[Records contained in a dataset]
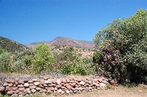 Nous repartons ensuite sur une piste désagréable où nous nous tordons les chevilles et roulons sur les gros cailloux à chaque pas. Le guide nous fait prendre des "raccourcis" qui descendent abruptement pour éviter quelques virages mais au bout du compte, comme nous devons descendre très lentement pour ne pas débouler, nous ne sommes pas convaincus au niveau de l'économie de temps ... Le Zat que nous apercevons en bas nous semble bien loin et bien petit, mais finalement, après n'avoir regardé que nos pieds pendant deux heures, nous parvenons à la piste qui longe la rivière, bordée de magnifiques lauriers sauvages. Nous continuons sur cette piste jusqu'au village où nous picniquons sous les oliviers en attendant la voiture qui vient nous chercher pour nous ramener avec notre guide, à Thighdouine puis au riad en ce qui nous concerne. Nous arrivons vers 17h00 au riad où nous enlevons nos bottes et nos vêtements poussiéreux pour plonger dans la piscine et boire un verre de vin rosé. La soirée se termine avec un excellent tagine de boulettes de sardines suivi d'un délicat feuilleté aux arachides. Nous sautons avec joie dans le lit confortable pour une première bonne nuit de sommeil depuis 4 jours.
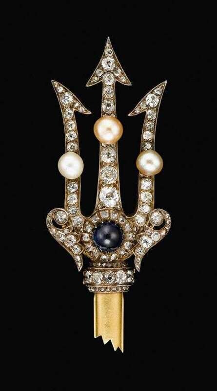 Trident form of sterling silver over yellow gold set with bright sapphires, fifty-nine Old Mine cut diamonds and three natural pearls of varying color. Displays metal hallmarks for Czechoslovakia.
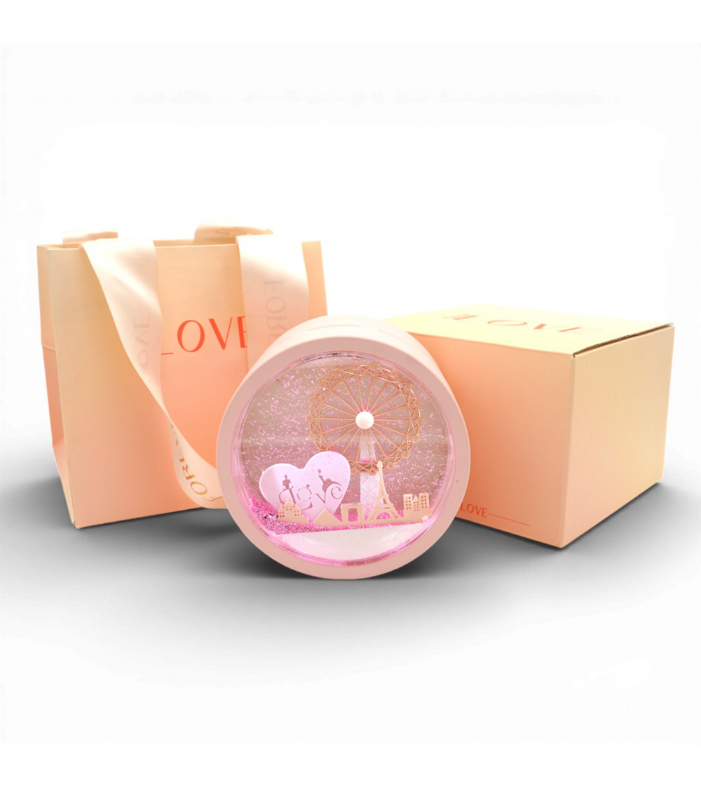 Astuccio Con Luce Touch, Glitter e Shopper Linea PARIGI 100x100x70mm Multiuso Anello Collana Rosa
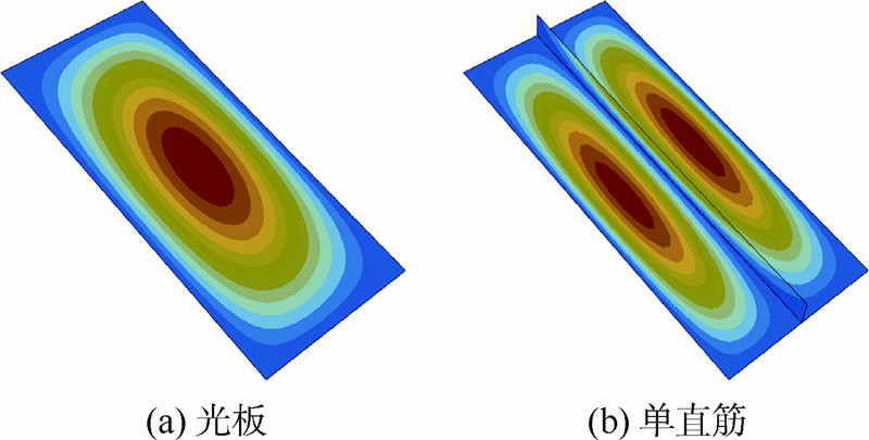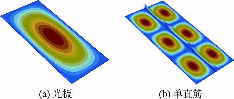 图 6 单轴载荷下光板和单直筋的一阶模态Fig. 6 First step mode of bare board and
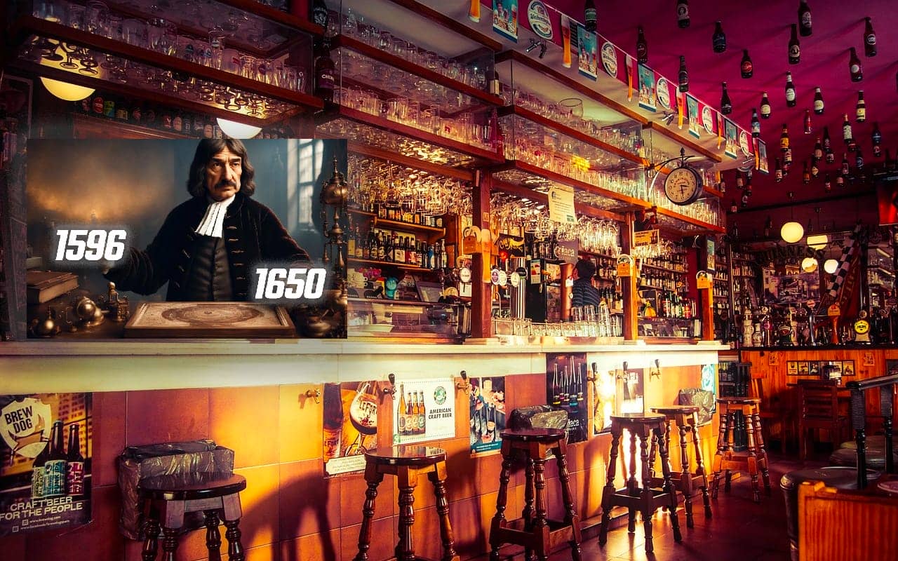 In the example above, you see Rene Descartes in a bar.
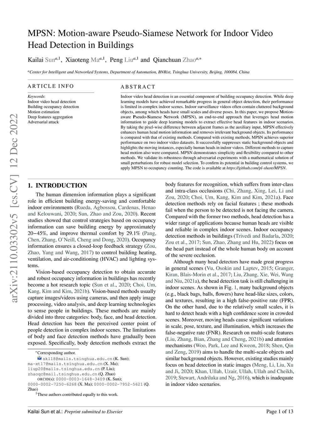 MPSN: Motion-aware Pseudo Siamese Network for Indoor Video Head
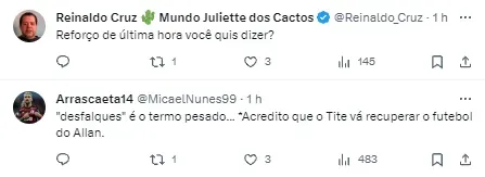 Mesmo que os dois craques vivessem situações distintas no clube, a Nação repercutiu. Enquanto David Luiz pode estar de saída do Flamengo, a torcida ainda acredita no potencial de Allan, que custou quase R$ 50 milhões ao Rubro-Negro.
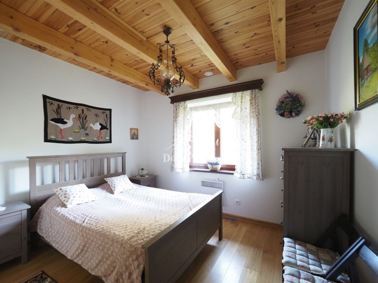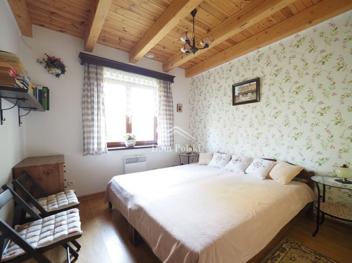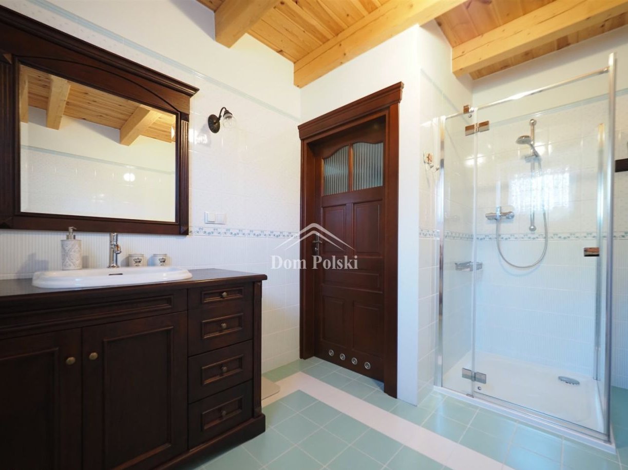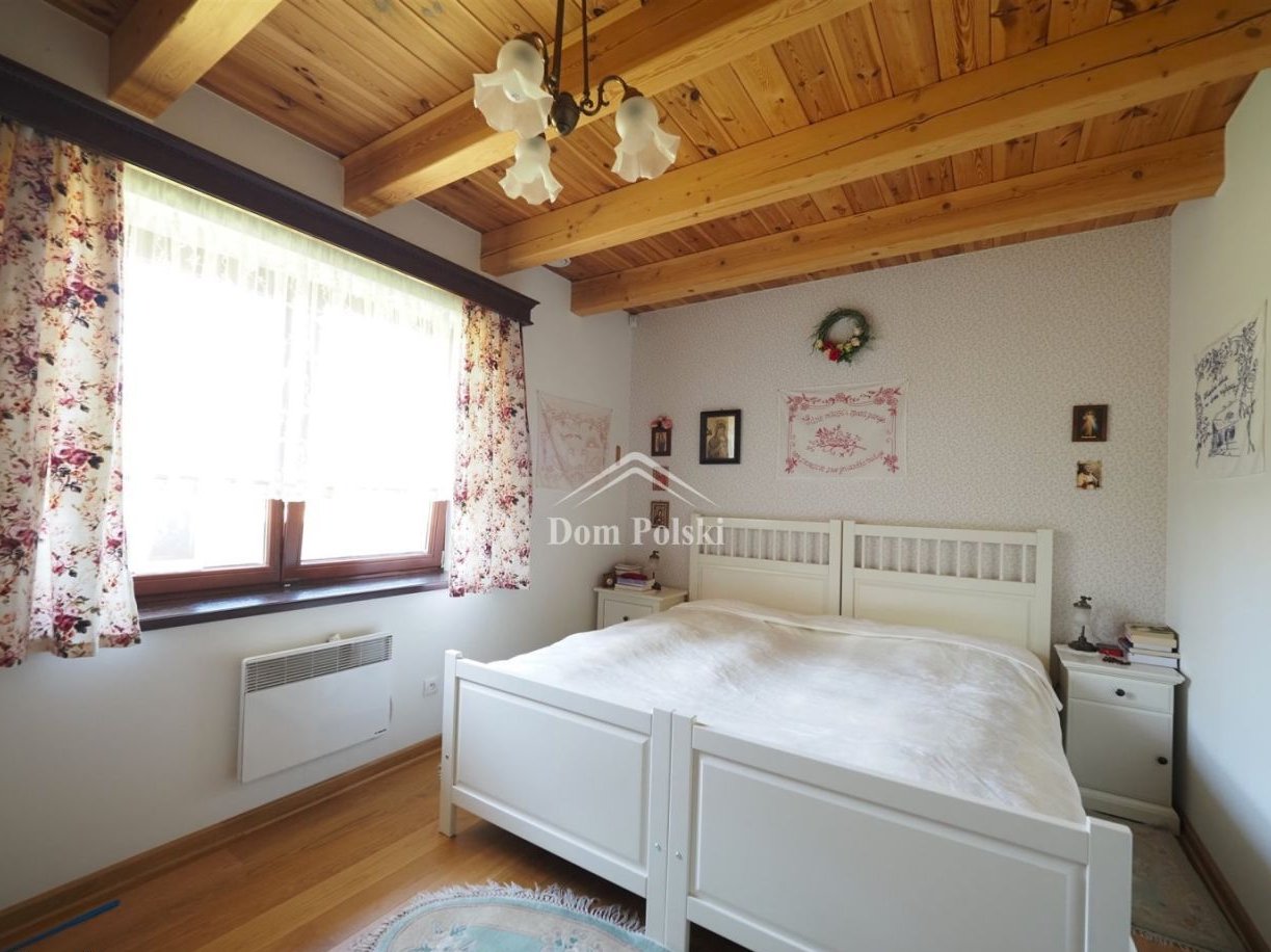 Dębowe schody prowadzą na poddasze o powierzchni użytkowej 66 m2, na którym wygospodarowano dwie sypialnie oraz garderobę. Ściany wykończone zostały boazerią a podłogi deską sosnową. Wszystkie sufity w budynku wyłożone zostały deską. Drzwi wejściowe antywłamaniowe.

WORK REQUEST → Return each entry exactly as given. Leave the images out.

TASK RESULT →
 Nous repartons ensuite sur une piste désagréable où nous nous tordons les chevilles et roulons sur les gros cailloux à chaque pas. Le guide nous fait prendre des "raccourcis" qui descendent abruptement pour éviter quelques virages mais au bout du compte, comme nous devons descendre très lentement pour ne pas débouler, nous ne sommes pas convaincus au niveau de l'économie de temps ... Le Zat que nous apercevons en bas nous semble bien loin et bien petit, mais finalement, après n'avoir regardé que nos pieds pendant deux heures, nous parvenons à la piste qui longe la rivière, bordée de magnifiques lauriers sauvages. Nous continuons sur cette piste jusqu'au village où nous picniquons sous les oliviers en attendant la voiture qui vient nous chercher pour nous ramener avec notre guide, à Thighdouine puis au riad en ce qui nous concerne. Nous arrivons vers 17h00 au riad où nous enlevons nos bottes et nos vêtements poussiéreux pour plonger dans la piscine et boire un verre de vin rosé. La soirée se termine avec un excellent tagine de boulettes de sardines suivi d'un délicat feuilleté aux arachides. Nous sautons avec joie dans le lit confortable pour une première bonne nuit de sommeil depuis 4 jours.
 Trident form of sterling silver over yellow gold set with bright sapphires, fifty-nine Old Mine cut diamonds and three natural pearls of varying color. Displays metal hallmarks for Czechoslovakia.
 Astuccio Con Luce Touch, Glitter e Shopper Linea PARIGI 100x100x70mm Multiuso Anello Collana Rosa
 图 6 单轴载荷下光板和单直筋的一阶模态Fig. 6 First step mode of bare board and
 In the example above, you see Rene Descartes in a bar.
 MPSN: Motion-aware Pseudo Siamese Network for Indoor Video Head
 Mesmo que os dois craques vivessem situações distintas no clube, a Nação repercutiu. Enquanto David Luiz pode estar de saída do Flamengo, a torcida ainda acredita no potencial de Allan, que custou quase R$ 50 milhões ao Rubro-Negro.
 Dębowe schody prowadzą na poddasze o powierzchni użytkowej 66 m2, na którym wygospodarowano dwie sypialnie oraz garderobę. Ściany wykończone zostały boazerią a podłogi deską sosnową. Wszystkie sufity w budynku wyłożone zostały deską. Drzwi wejściowe antywłamaniowe.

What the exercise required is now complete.